* [What is being asked]:
Please transcribe every entry below exactly, without including the pictures.

* [Supplied data]:

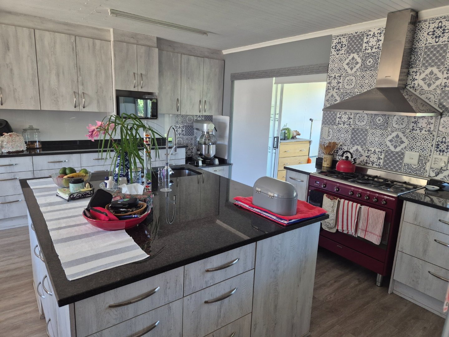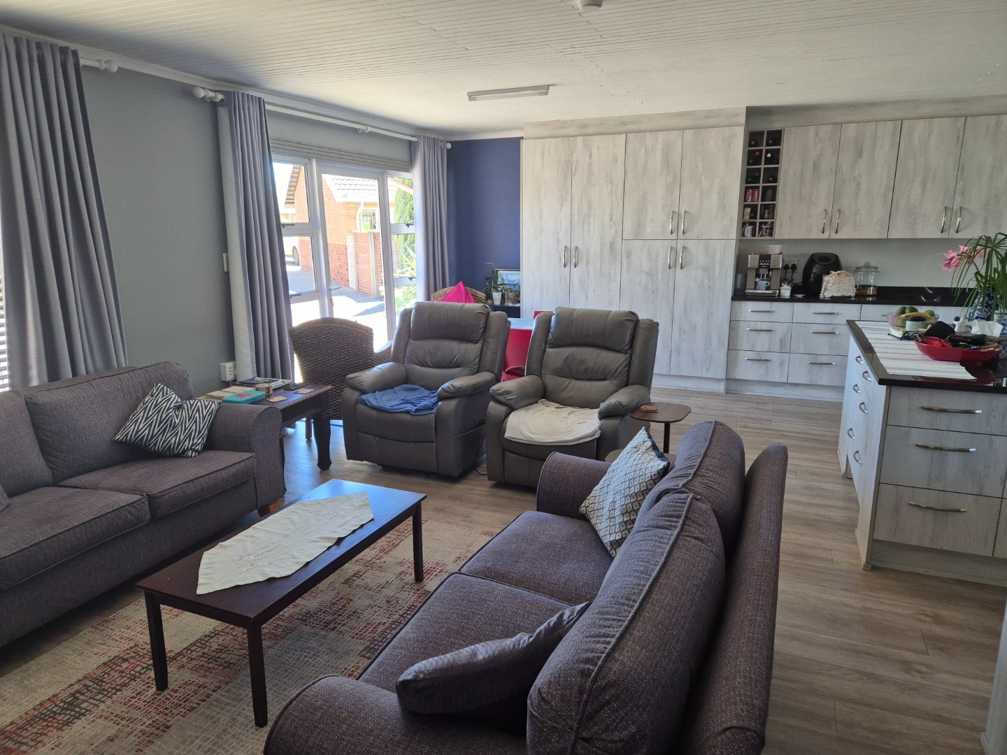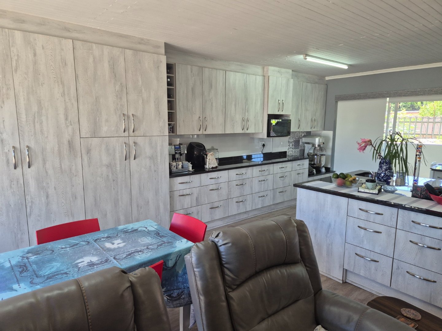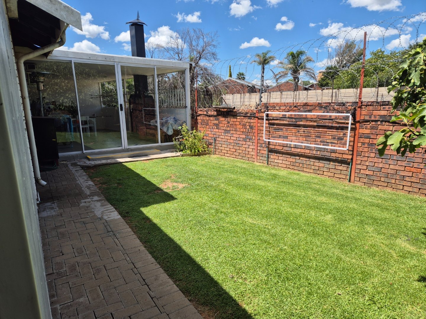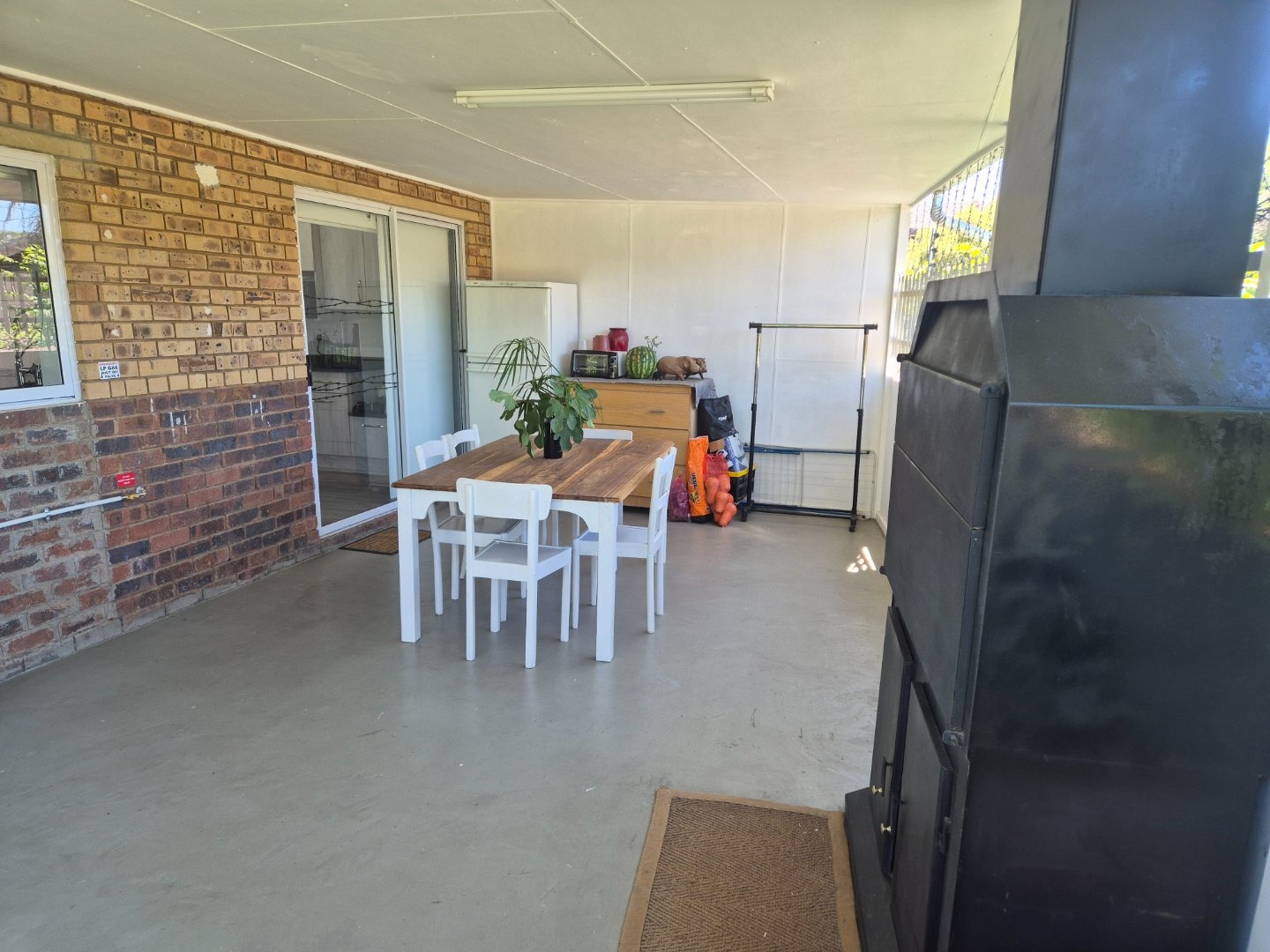Sliding doors opening onto a covered patio with built-in braai — the ideal space for morning coffee, relaxed afternoons, or entertaining loved ones.
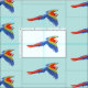 Original- scharlakansröd macawpapegojadesign av konstnären och formgivare Carolyn McFann på högkvalitativt borstat bomullstyg. Underbar för att sy och att vaddera för tropiska teman och fågelfläktar
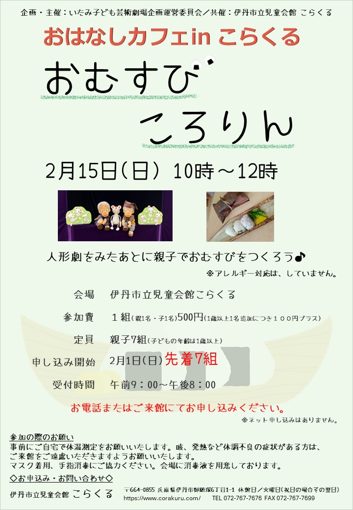 ※ おはなしカフェinこらくる~おむすびころりん~ 申込みは2月1日(日)9:00からです。しばらくおまちください。・・・
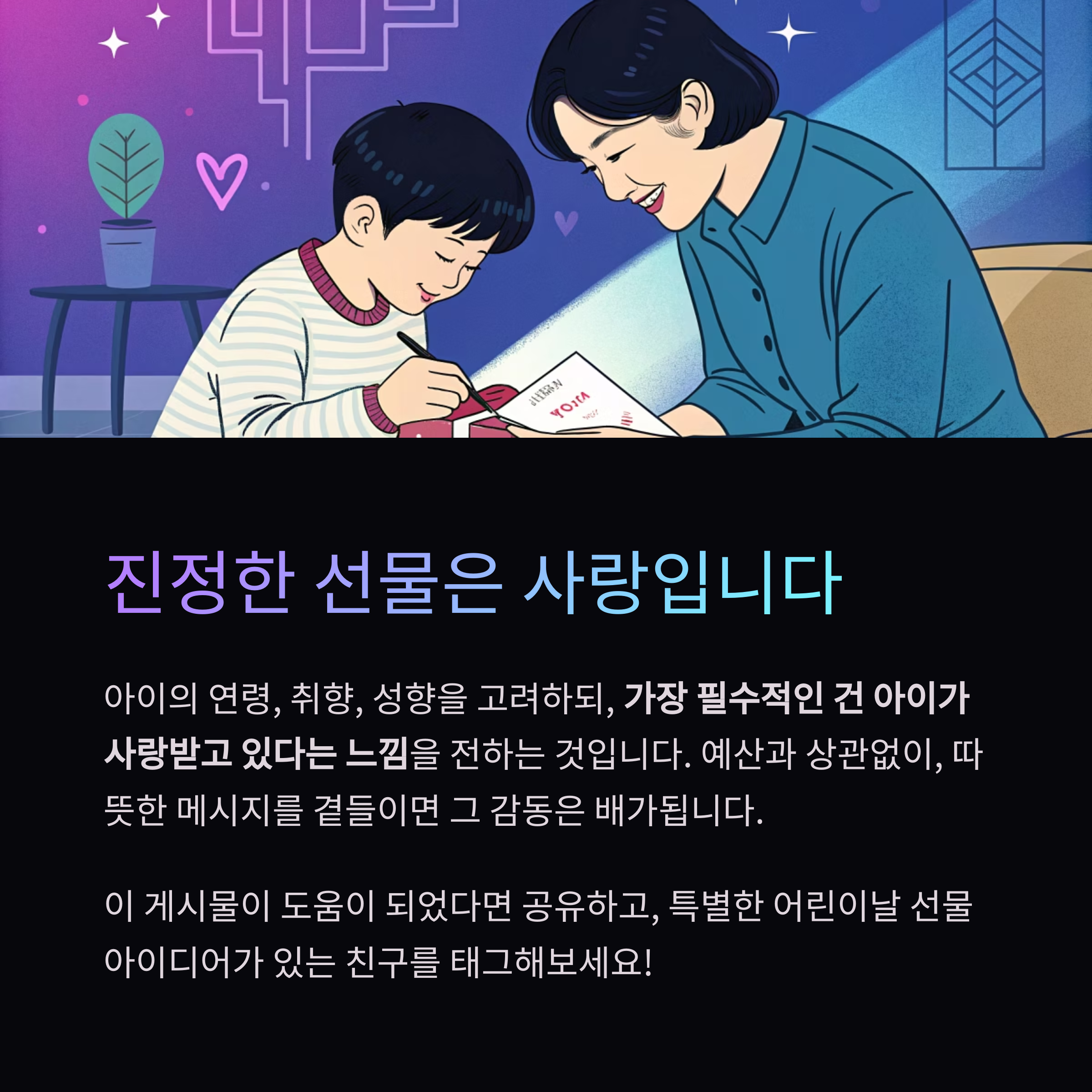 아이의 연령, 취향, 성향, 실내·실외 활동 구분, 지속 가능성, 안전성까지 모두 고려해야 최적의 선물을 고를 수 있습니다. 가장 필수적인 건, 아이가 사랑받고 있다는 느낌을 받도록 하는 것입니다. 예산과 상관없이, 손편지나 따뜻한 메시지를 곁들여 주는 것만으로도 그 감동은 배가됩니다.
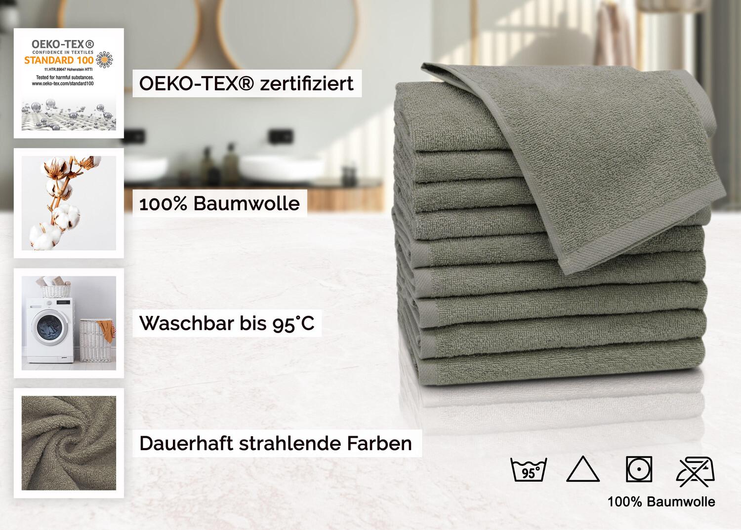 Элегантные цвета для гостевого туалета, мягкие для кухни или шикарные, современные цвета для вашей собственной ванной комнаты – благодаря большому выбору цветов нет никаких ограничений для вашего творчества. Для обеспечения гигиенической чистоты небольшие полотенца в практичной упаковке по 10 штук устойчивы к кипячению, стирке и сушке в стиральной машине. Благодаря индантреновому окрашиванию цвета сияют своей обычной интенсивностью даже после многочисленных стирок. Высококачественные мыльные полотенца изготовлены из 100% хлопка с плотностью материала около 420 г/м² и обладают особенной впитывающей способностью. Они сплетены как махровая ткань, что делает их невероятно мягкими и комфортными для кожи. Гостевые полотенца размером 30x50 см коричнево-серого цвета имеют практичную вешалку и двойной предохранительный шов.
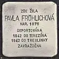 Pavla Fröhlichová née Porgesová, also Paula or Pauline, was born on 23 October 1876 in Rokycany. She married Leopold Fröhlich, a salesman. The couple had two children: Ervín, born in 1903, and Irma, born in 1904.[27] Ervín became a physician, specialized in internal medicine. In 1936, the husband of Paula Fröhlichová died. After the Nazi occupation of Czechoslovakia in 1938, Irma and her husband succeeded in emigrating to the United States, together with their son Tomachek, who was then only five months old. But they had to leave back their two daughters as they got only three visas. Pavla Fröhlichová and her son took care of the two girls and could also achieve visas for them in 1939. On 9 July 1942 Pavla Fröhlichová was arrested and deported with transport AAp from Prague to Theresienstadt concentration camp. Her transport number was 860. On 19 October 1942 she was deported again, this time with transport Bw to Treblinka extermination camp. Her transport number was 796. There, Pavla Fröhlichová was gassed on 23 October 1942. It was her 66th birthday.

* [Solved problem]:
Sliding doors opening onto a covered patio with built-in braai — the ideal space for morning coffee, relaxed afternoons, or entertaining loved ones.
 Original- scharlakansröd macawpapegojadesign av konstnären och formgivare Carolyn McFann på högkvalitativt borstat bomullstyg. Underbar för att sy och att vaddera för tropiska teman och fågelfläktar
 ※ おはなしカフェinこらくる~おむすびころりん~ 申込みは2月1日(日)9:00からです。しばらくおまちください。・・・
 아이의 연령, 취향, 성향, 실내·실외 활동 구분, 지속 가능성, 안전성까지 모두 고려해야 최적의 선물을 고를 수 있습니다. 가장 필수적인 건, 아이가 사랑받고 있다는 느낌을 받도록 하는 것입니다. 예산과 상관없이, 손편지나 따뜻한 메시지를 곁들여 주는 것만으로도 그 감동은 배가됩니다.
 Элегантные цвета для гостевого туалета, мягкие для кухни или шикарные, современные цвета для вашей собственной ванной комнаты – благодаря большому выбору цветов нет никаких ограничений для вашего творчества. Для обеспечения гигиенической чистоты небольшие полотенца в практичной упаковке по 10 штук устойчивы к кипячению, стирке и сушке в стиральной машине. Благодаря индантреновому окрашиванию цвета сияют своей обычной интенсивностью даже после многочисленных стирок. Высококачественные мыльные полотенца изготовлены из 100% хлопка с плотностью материала около 420 г/м² и обладают особенной впитывающей способностью. Они сплетены как махровая ткань, что делает их невероятно мягкими и комфортными для кожи. Гостевые полотенца размером 30x50 см коричнево-серого цвета имеют практичную вешалку и двойной предохранительный шов.
 Pavla Fröhlichová née Porgesová, also Paula or Pauline, was born on 23 October 1876 in Rokycany. She married Leopold Fröhlich, a salesman. The couple had two children: Ervín, born in 1903, and Irma, born in 1904.[27] Ervín became a physician, specialized in internal medicine. In 1936, the husband of Paula Fröhlichová died. After the Nazi occupation of Czechoslovakia in 1938, Irma and her husband succeeded in emigrating to the United States, together with their son Tomachek, who was then only five months old. But they had to leave back their two daughters as they got only three visas. Pavla Fröhlichová and her son took care of the two girls and could also achieve visas for them in 1939. On 9 July 1942 Pavla Fröhlichová was arrested and deported with transport AAp from Prague to Theresienstadt concentration camp. Her transport number was 860. On 19 October 1942 she was deported again, this time with transport Bw to Treblinka extermination camp. Her transport number was 796. There, Pavla Fröhlichová was gassed on 23 October 1942. It was her 66th birthday.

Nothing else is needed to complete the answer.